Recently we spent sometime over at Chippenham Pit Stop supporting their back care initiative for truckers. According to the UK Health and Safety Executive (HSE) report, 81% of truck drivers reported low back pain in 2018/19. So what makes lorry driving a precursor for back pain?
Like with anything in life we become what we repeatedly do, so if you sit in a cab for 9-10 hours a day your body is going to become that posture. By this we mean your body learns your seated driving position, the muscles at the back of your legs and hip flexors get tight, which is often accompanied by stiffness in the back and this may develop into lower back pain.
So, to help support your spine we've put together 3 simple exercises you can be doing when you stop to reduce your back pain, protect your back and make your onwards journey more comfortable.
Firstly, getting out of the cab correctly is one of the biggest contributing factors to the lower back pain we've witnessed in lorry drivers. From jumping down from the cab or skipping the bottom step and landing abruptly on one leg, is saving a few seconds on your descent worth the risk of low back pain? I thought not, so make sure you're using good practice to protect your back.

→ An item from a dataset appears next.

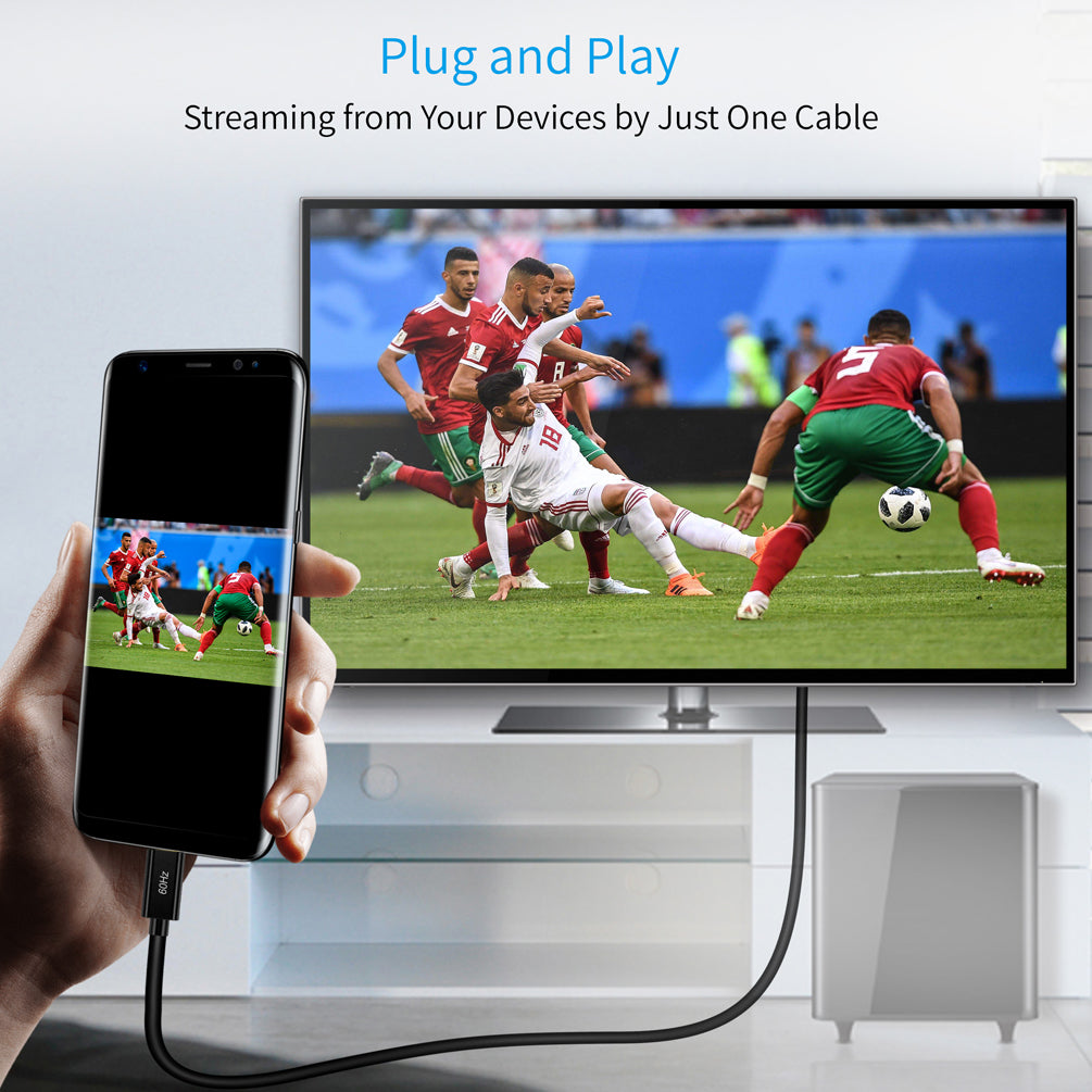 Transmita contenido 4K desde su teléfono, tableta, computadora portátil y computadora de escritorio a pantallas más grandes con alta velocidad. Simplemente conecte sus dispositivos a un televisor, monitor o proyector UHD con el cable Choetech USB tipo C a HDMI, no se requiere adaptador ni controlador.
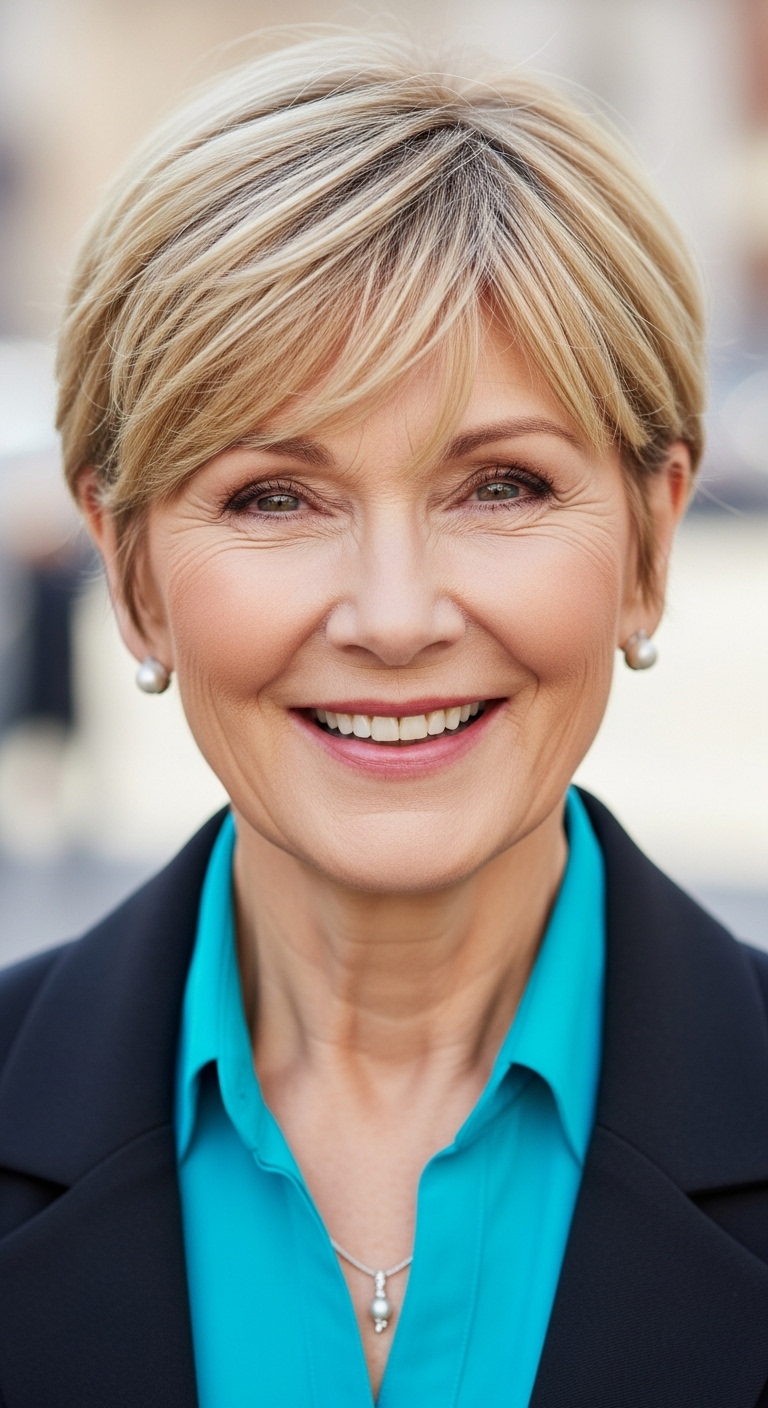 Auch der Kurzhaarschnitt mit längerem Pony ist eine elegante Option. Ein seitlich getragener Pony kaschiert kleine Fältchen auf der Stirn und sorgt für eine jugendliche Dynamik. Frauen mit dünnem Haar profitieren zudem von einem gestuften Kurzhaarschnitt, da dieser optisch mehr Volumen schafft.

This is closely followed by the time spent driving continuous, typical driving advice is any time greater than 2 hours you should take a break and then every hour thereafter. Often we begrudge taking regular breaks and it isn't always the most convenient, especially with a lorry finding somewhere to stop, however the more you stick to taking regular breaks to get out the cab and get moving the better it is for your spine. After all we're designed to move.
1. Roll down
Stand comfortably, slowly tuck chin to chest and continue to flex through the mid and lower back as if you're curling to touch your toes, once at end range hold this position or hold opposite elbows and gently sway side to side to encourage mobility through the lower spine. To return to upright, tuck the tailbone and continue to roll slowly upwards.
Repeat 3 times trying to deepen your reach each time.
Click here to see how https://youtu.be/VpQ9SPwNPvY
2. Modified Chair (use cab instead)
Bend forwards with straight legs and lean forwards (hip hinge) until hands contact the cab, you should feel a stretch down the back of the legs. If you feel mobility is stopping you reaching this stretch or the pull is too intense slightly bend the knees to find a more comfortable position. To return to upright, slowly walk feet inwards and continue to lift torso.
Hold for 15-20 seconds and repeat 3 times.
Click here to see how https://youtu.be/9la2EdGZ-bc
3. High lunge
In this exercise step forwards, and bend the front knee, dropping the back knee towards the ground. If you feel unstable use the cab for support. Keep your torso upright, tuck your tail and lean forwards. This stretch targets your hip flexors so you should be feeling this front of the hip on the back leg, and into the top of the thigh.
Hold for 15-20 seconds and repeat 3 times on each side.
Click here to see how https://youtu.be/xASFze7P-Fs
Don't forget to take these tips with you on your onwards travels. Safe trucking!